Объём и структура диссертации

Диссертация изложена на 131 странице машинописного текста, состоит из оглавления, введения, обзора литературы, описания материалов и методов исследования, трёх глав собственных исследований, заключения, выводов, практических рекомендаций и списка литературы, который включает 202 источника, из них 92 отечественных и 110 иностранных. Представленный материал иллюстрирован 14 таблицами и 6 рисунками.

Патогенез венозных тромбоэмболических осложнений у больных вентральными грыжами больших размеров

По данным некоторых авторов умеренное повышение ВБД не оказывает заметного отрицательного воздействия на организм больного (Красильников Д.М. и соавт., 2004). Существующие данные о ВБД, противоречивы и разрознены, в связи с чем нет единого мнения о степени компрессии передней брюшной стенки в до- и послеоперационном периоде, и о безопасном уровне ВБД во время пластики грыжевого дефекта. Так, в ряде работ гарантируется отсутствие сердечно-лёгочных осложнений при ВБД 5 мм рт.ст. (Измайлов С.Г. и соавт., 2009), другие авторы предлагают использовать в качестве безопасного давление 15 мм рт.ст. (Яковцов Е.П. и соавт., 2011).
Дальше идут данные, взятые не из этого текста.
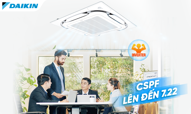 Với các model cassette Inverter của Daikin, chỉ số CSPF (hệ số hiệu quả lạnh toàn mùa) lên đến 7.22, cao hơn nhiều sản phẩm điều hòa đang bán trên thị trường. Giá trị CSPF càng cao biểu thị hiệu suất năng lượng càng lớn, tiết kiệm điện năng càng nhiều, chi phí tiền điện càng thấp, từ đó tiết kiệm chi phí cho người dùng.

Подобную разницу в результатах можно объяснить, в том числе, отсутствием общих стандартов в измерении ВБД. Кузьмин В.В. и соавт. установили, что при введении в мочевой пузырь 25, 50, 75 и 100 мл изотонического 0,02% раствора фурациллина наблюдался линейный рост давления в мочевом пузыре, величина которого составила соответственно 9,5±5,3, 10,8±5,3, 11,6±5,1 и 12,4±5,2 см водн. ст. Авторы пришли к выводу, что увеличение объёма жидкости при инсталляции способствует повышению давления в мочевом пузыре, что, в свою очередь, приводит к изменению оценки величины давления в брюшной полости (Гельфанд Б.Р. и соавт., 2008; Кузьмин В.В. и соавт., 2009).

При лечении вентральных грыж можно защитить организм больного от негативного влияния ВБД, проводя тренировку в предоперационном периоде или выполняя пластику брюшной стенки «без натяжения».

Термин «без натяжения» применительно к пластике грыжевого дефекта подразумевает, что при срединных грыжах не происходит восстановления белой линии живота и не ликвидируется диастаз прямых мышц. В результате, функция брюшного пресса как органа, адаптирующего внешнее дыхание, колебания ВБД, деятельность пищеварительной и других систем организма -остаётся нарушенной (Ботезату А.А. и соавт., 2006; Жебровский В.В. и соавт., 2010; Никитин Н.А. и соавт., 2011; Ягудин М.К. и соавт., 2005).

Проблема выбора между «натяжными» и «безнатяжными» методами пластики широко обсуждается в литературе и общепризнанных алгоритмов до настоящего момента не существует (Алтуев К.М и соавт., 2006; Галимов О.В. и соавт., 2005; Ермолов А.С. и соавт., 2005; Тимошин А.Д. и соавт., Федосеев А.В. и соавт., 2011; 2007; Lipman J. et al., 2008; Schumpelick V. et al., 2004).

По мнению большинства исследователей наиболее действенным методом профилактики развития синдрома интраабдоминальной гипертензии является интраоперационный контроль ВБД. Мониторинг ВБД во время операции позволяет предвидеть вероятность развития сердечно-лёгочных осложнений и выполнить пластику грыжевого дефекта максимально радикально в тех случаях, когда это возможно (Измайлов С.Г. и соавт., 2009; Лазаричева Н.М., 2011; Фелештинский Я.П. и соавт., 2007; Яковцов Е.П. и соавт., 2011).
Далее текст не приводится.